Sunday, October 29, 2006

Making Sense of US Population Growth ... by Alan Caruba


Making Sense of US Population Growth
By Alan Caruba

It’s not very often you will find me agreeing with an avowed environmentalist, but facts are facts and, when it comes to population growth, they are ignored at our peril if America is to avoid sliding rapidly into a Third World status.

“The American people, especially our leaders, must bring themselves to face the reality that our population cannot be allowed to continue to grow without disastrous consequences,” said Donald Mann, president of Negative Population Growth, Inc. in response to the news that on October 17, 2006 our population passed the three hundred million mark.
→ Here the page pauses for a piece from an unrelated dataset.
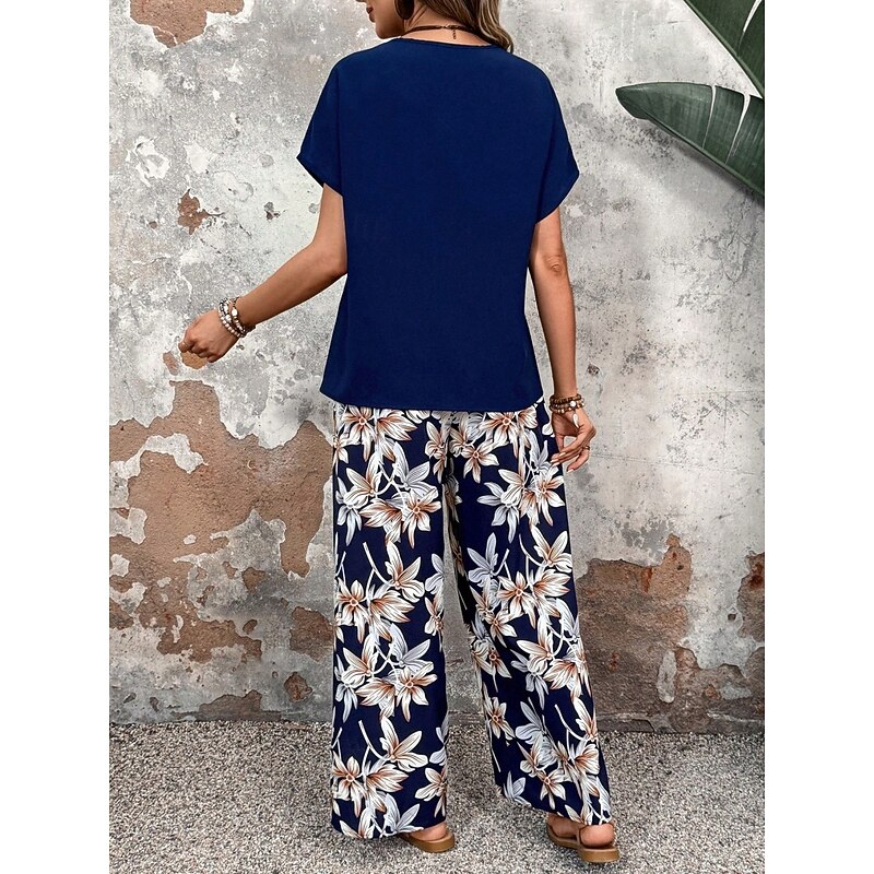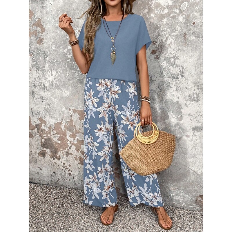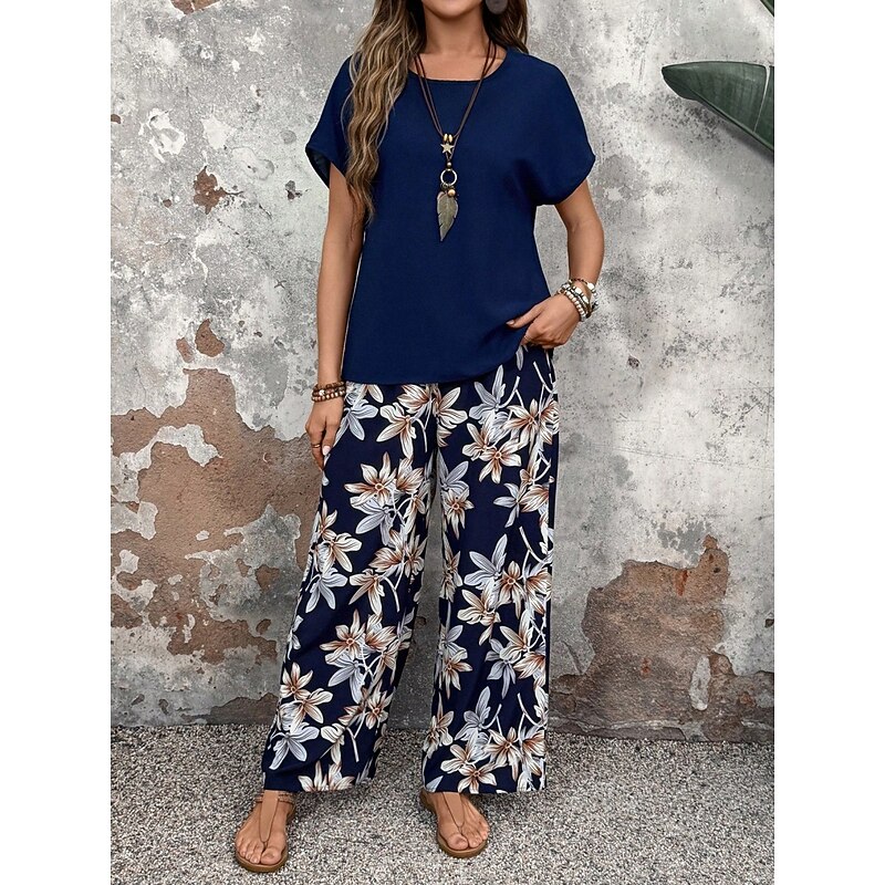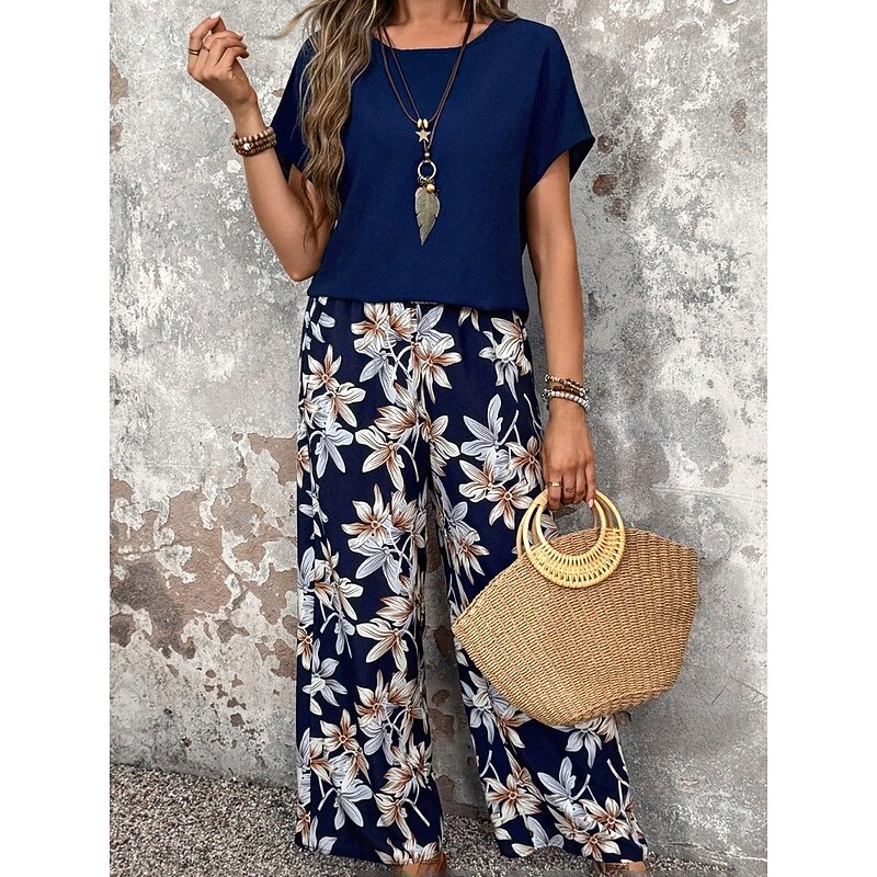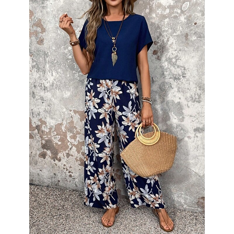More information about Women's Fashion Streetwear Daily T Shirt Wide Leg Pants Short Sleeve Crew Neck Floral Drawstring Casual Daily Black Navy Blue Green Summer Regular Fit

Of that number, the estimate of illegal immigrants ranges from twelve to twenty million. In his bestselling book, “State of Emergency”, Patrick J. Buchanan noted that “Rarely have immigrants constituted 10 percent of our number,” adding that “We have almost as many foreigners here today as came in the first 350 years of our history…(and) most of those coming are breaking in.” The U.S. Census bureau calculates that an immigrant sets foot in America, legally and illegally, every 31 seconds.

Americans, in addition to the out-of-control immigration crisis, have an even larger crisis looming and it too will impact every aspect of our lives. With more people being born every day than are dying, we are less than thirty years away from a population of 400 million!

We do need a new, replacement, younger work force and the current Social Security and other benefits programs depends on this. It’s predicted to go broke in a decade or so anyway.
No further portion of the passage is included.